United States v. Mark Sorenson: A Defining Moment in Anti‑Kickback Jurisprudence

United States v. Mark Sorenson: A Defining Moment in Anti‑Kickback Jurisprudence

A peachick has hatched!

My daughter Madison loves the little peachick. He or she is thriving, and has imprinted on Madison. Follows her everywhere.

Speaking of thriving, Mark Sorenson is also thriving. On April 14, the United States Court of Appeals for the Seventh Circuit issued a landmark ruling in United States v. Mark Sorenson, reversing his convictions under the federal Anti‑Kickback Statute (AKS), 42 U.S.C. § 1320a‑7b(b).

Sorenson had been convicted on one conspiracy count and three substantive counts for allegedly offering and paying kickbacks in connection with marketing and dispensing orthopedic braces to Medicare beneficiaries.

Mark Sorenson was the owner of SyMed Inc., a Medicare‑registered durable medical equipment (DME) distributor. In 2015, he entered into a business arrangement with several marketing companies. The defendants collaborated to advertise orthopedic braces to Medicare‑eligible patients, gather patient information via online forms, generate unsigned but prefilled prescription orders, and submit them to physicians. With patient consent, sales agents sent these forms for physician signature.

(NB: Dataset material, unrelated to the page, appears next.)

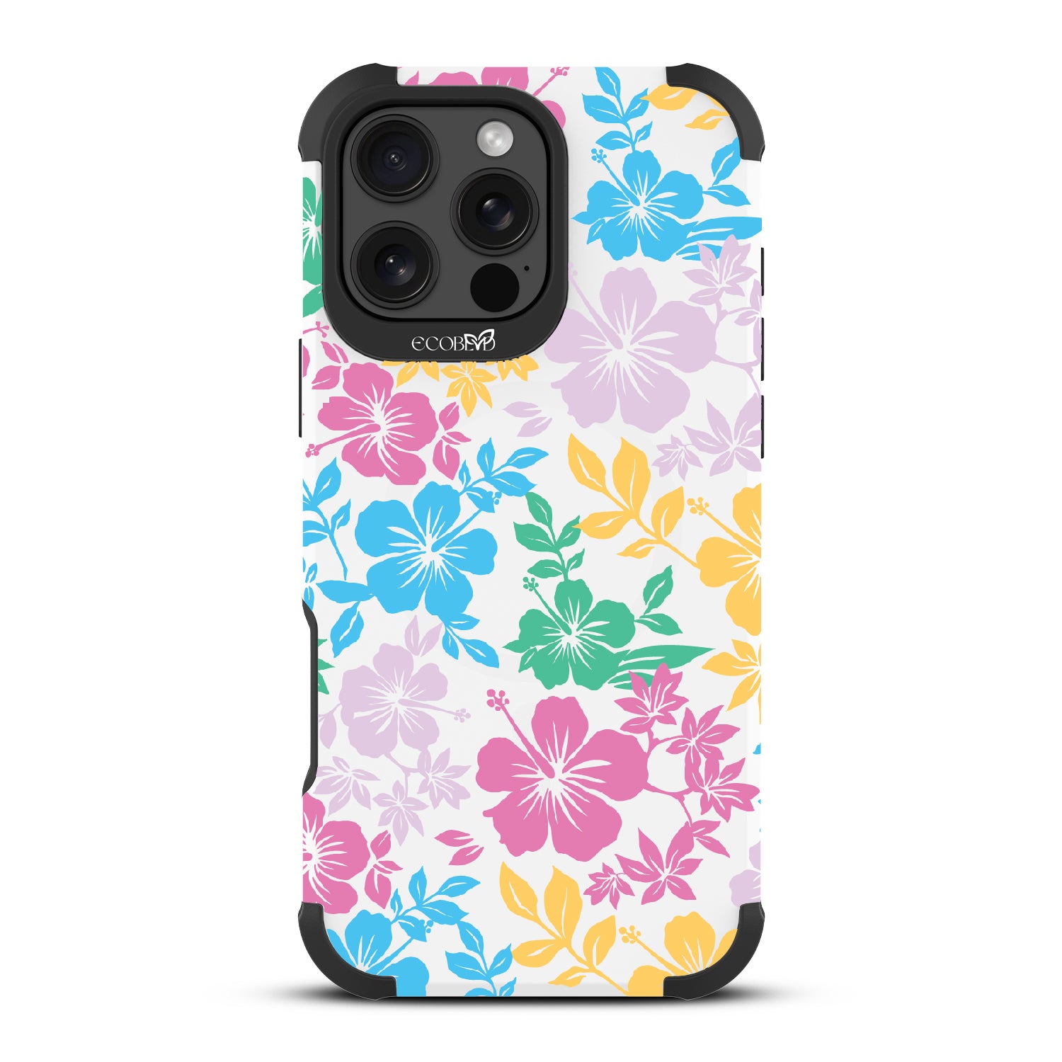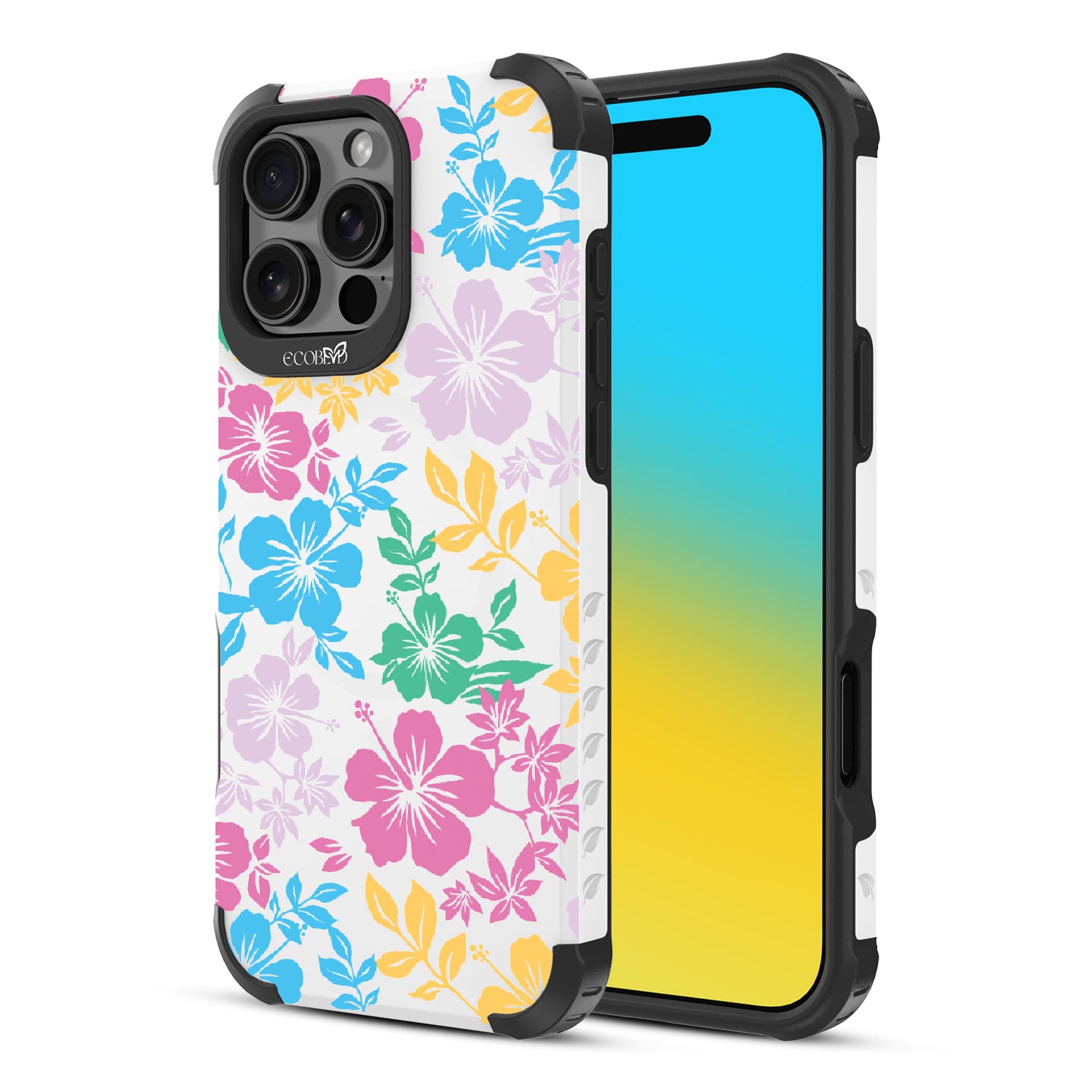 Experience the laid-back vibes of the tropics with our Lei'd Back design on our Reforge rugged iPhone 16 Pro Max phone case, a colorful homage to the vibrant beauty of Hawaiian leis. his design showcases an array of tropical hibiscus flowers in yellow, pink, green, and blue, reminiscent of traditional lei arrangements. Enjoy the relaxed lifestyle of an island as you escape to the spirit of aloha.
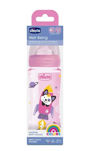 - Бутылочка пластиковая 330 мл Chicco Well-Being Розовая 4m+

When doctors signed the forms, which occurred only about 20 percent of the time, a company called PakMed shipped the braces, a company called Dynamic billed Medicare, and a company called SyMed collected reimbursement, paying 79 percent of receipts to PakMed and retaining 21 percent, a share that funded marketing and billing services.

Sorenson was indicted and tried in the Northern District of Illinois. The prosecution claimed that his payments, particularly to Parkmed and a second company, Byte, were kickbacks designed to induce referrals of Medicare patients, in violation of the AKS. The jury convicted him on all four counts. Sorenson’s Rule 29 motions for acquittal and for a new trial were denied. He received a 42‑month sentence, but was released pending appeal.

The Seventh Circuit reversed the District Court’s decision, concluding that the evidence was insufficient to show Sorenson acted with intent to circumvent the AKS.

The AKS criminalizes “knowing and willful” payments made to induce referrals for services reimbursed by federal healthcare programs. The hallmark of such violations is when a payee holds informal influence over healthcare decisions. Sorenson’s marketing partners did not occupy such roles.

The court distinguished between ordinary advertising expenditures and suspect personal referrals. Drawing on U.S. Supreme Court and Fifth Circuit precedent (notably United States v. Miles and United States v. Marchetti), the court emphasized that payments for broad advertising services, as opposed to individualized efforts to steer physicians or patients, fall outside AKS’s scope.

Central to the decision was that physicians independently decided whether to sign the preprinted forms; most did not. This undercut any inference that marketing firms were effectively controlling medical orders or influencing prescribing behavior.

The court declined to extend AKS liability to payments made exclusively to advertisers or manufacturers without evidence of exerting improper influence over healthcare decisions. It underscored that none of Sorenson’s payees “leveraged informal power and influence” over physicians.

By focusing on the absence of evidence tying Sorenson’s payments to physician influence – instead linking them to advertising, manufacturing, and shipping – the court concluded there was no violation of the Anti‑Kickback Statute.

United States v. Sorenson is pivotal in clarifying AKS boundaries. It marks a significant distinction between compensating marketing activities and unlawful inducement of patient referrals. The ruling provides clarity for healthcare entities seeking to engage in legitimate marketing strategies without triggering criminal liability.

However, the court also reinforced a cautionary note: not all marketing models are safe. Fee arrangements tied directly to physician approval, especially when intermediary influence could skew physician judgment, may still trigger statutory violations.

The Seventh Circuit’s April 14, 2025, ruling in United States v. Mark Sorenson marks a turning point in Anti‑Kickback Statute jurisprudence. By reversing a high‑profile criminal conviction, the court affirmed important guardrails for healthcare marketers and distributors, emphasizing that lawful advertising remains protected, even when intertwined with Medicare‑covered medical devices.

While the AKS continues to bar payments made to induce referrals, Sorenson carves out clear space for permissible marketing efforts predicated on independent physician decision‑making.